Top of GIVEN INFORMATION

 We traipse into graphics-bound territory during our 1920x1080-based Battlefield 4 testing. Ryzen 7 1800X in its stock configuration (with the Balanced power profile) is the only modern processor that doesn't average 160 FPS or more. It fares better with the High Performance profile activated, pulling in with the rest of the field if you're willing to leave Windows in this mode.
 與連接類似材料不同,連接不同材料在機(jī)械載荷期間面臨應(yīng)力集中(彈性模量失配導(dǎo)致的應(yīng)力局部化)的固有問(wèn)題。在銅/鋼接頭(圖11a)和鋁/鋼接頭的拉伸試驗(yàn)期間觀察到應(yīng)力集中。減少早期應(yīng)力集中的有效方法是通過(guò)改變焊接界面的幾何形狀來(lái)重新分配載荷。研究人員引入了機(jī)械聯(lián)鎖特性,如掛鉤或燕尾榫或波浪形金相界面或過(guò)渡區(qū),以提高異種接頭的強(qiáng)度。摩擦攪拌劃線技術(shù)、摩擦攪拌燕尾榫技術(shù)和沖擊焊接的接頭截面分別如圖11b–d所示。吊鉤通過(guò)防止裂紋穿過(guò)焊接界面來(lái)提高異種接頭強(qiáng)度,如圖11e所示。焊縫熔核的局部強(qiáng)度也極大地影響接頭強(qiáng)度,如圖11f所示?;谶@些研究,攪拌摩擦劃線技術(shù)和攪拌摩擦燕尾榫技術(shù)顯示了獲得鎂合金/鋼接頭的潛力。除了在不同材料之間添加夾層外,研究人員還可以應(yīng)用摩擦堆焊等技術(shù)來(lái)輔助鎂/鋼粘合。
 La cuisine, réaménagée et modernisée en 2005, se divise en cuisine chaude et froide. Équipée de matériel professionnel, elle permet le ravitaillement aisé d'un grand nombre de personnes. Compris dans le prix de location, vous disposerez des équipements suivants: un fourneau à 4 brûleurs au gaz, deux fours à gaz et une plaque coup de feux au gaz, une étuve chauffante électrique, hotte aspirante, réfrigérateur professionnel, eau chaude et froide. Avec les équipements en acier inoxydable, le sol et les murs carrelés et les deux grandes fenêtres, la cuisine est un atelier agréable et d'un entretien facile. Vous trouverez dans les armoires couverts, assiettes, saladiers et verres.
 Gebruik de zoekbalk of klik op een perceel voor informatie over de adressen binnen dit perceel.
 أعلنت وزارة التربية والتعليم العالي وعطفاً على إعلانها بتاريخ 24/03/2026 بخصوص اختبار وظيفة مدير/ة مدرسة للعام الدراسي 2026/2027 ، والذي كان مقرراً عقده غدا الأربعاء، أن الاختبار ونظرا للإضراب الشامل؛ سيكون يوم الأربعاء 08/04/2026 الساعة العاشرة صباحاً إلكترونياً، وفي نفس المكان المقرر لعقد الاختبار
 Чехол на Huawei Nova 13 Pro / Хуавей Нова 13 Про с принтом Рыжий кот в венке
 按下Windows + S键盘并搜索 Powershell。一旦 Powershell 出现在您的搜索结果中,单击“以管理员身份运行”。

Bottom of GIVEN INFORMATION

*PROBLEM TO SOLVE*:
Line by line, transcribe all of the records exactly.

*SOLUTION TO THIS PROBLEM*:
 We traipse into graphics-bound territory during our 1920x1080-based Battlefield 4 testing. Ryzen 7 1800X in its stock configuration (with the Balanced power profile) is the only modern processor that doesn't average 160 FPS or more. It fares better with the High Performance profile activated, pulling in with the rest of the field if you're willing to leave Windows in this mode.
 與連接類似材料不同,連接不同材料在機(jī)械載荷期間面臨應(yīng)力集中(彈性模量失配導(dǎo)致的應(yīng)力局部化)的固有問(wèn)題。在銅/鋼接頭(圖11a)和鋁/鋼接頭的拉伸試驗(yàn)期間觀察到應(yīng)力集中。減少早期應(yīng)力集中的有效方法是通過(guò)改變焊接界面的幾何形狀來(lái)重新分配載荷。研究人員引入了機(jī)械聯(lián)鎖特性,如掛鉤或燕尾榫或波浪形金相界面或過(guò)渡區(qū),以提高異種接頭的強(qiáng)度。摩擦攪拌劃線技術(shù)、摩擦攪拌燕尾榫技術(shù)和沖擊焊接的接頭截面分別如圖11b–d所示。吊鉤通過(guò)防止裂紋穿過(guò)焊接界面來(lái)提高異種接頭強(qiáng)度,如圖11e所示。焊縫熔核的局部強(qiáng)度也極大地影響接頭強(qiáng)度,如圖11f所示?;谶@些研究,攪拌摩擦劃線技術(shù)和攪拌摩擦燕尾榫技術(shù)顯示了獲得鎂合金/鋼接頭的潛力。除了在不同材料之間添加夾層外,研究人員還可以應(yīng)用摩擦堆焊等技術(shù)來(lái)輔助鎂/鋼粘合。
 La cuisine, réaménagée et modernisée en 2005, se divise en cuisine chaude et froide. Équipée de matériel professionnel, elle permet le ravitaillement aisé d'un grand nombre de personnes. Compris dans le prix de location, vous disposerez des équipements suivants: un fourneau à 4 brûleurs au gaz, deux fours à gaz et une plaque coup de feux au gaz, une étuve chauffante électrique, hotte aspirante, réfrigérateur professionnel, eau chaude et froide. Avec les équipements en acier inoxydable, le sol et les murs carrelés et les deux grandes fenêtres, la cuisine est un atelier agréable et d'un entretien facile. Vous trouverez dans les armoires couverts, assiettes, saladiers et verres.
 Gebruik de zoekbalk of klik op een perceel voor informatie over de adressen binnen dit perceel.
 أعلنت وزارة التربية والتعليم العالي وعطفاً على إعلانها بتاريخ 24/03/2026 بخصوص اختبار وظيفة مدير/ة مدرسة للعام الدراسي 2026/2027 ، والذي كان مقرراً عقده غدا الأربعاء، أن الاختبار ونظرا للإضراب الشامل؛ سيكون يوم الأربعاء 08/04/2026 الساعة العاشرة صباحاً إلكترونياً، وفي نفس المكان المقرر لعقد الاختبار
 Чехол на Huawei Nova 13 Pro / Хуавей Нова 13 Про с принтом Рыжий кот в венке
 按下Windows + S键盘并搜索 Powershell。一旦 Powershell 出现在您的搜索结果中,单击“以管理员身份运行”。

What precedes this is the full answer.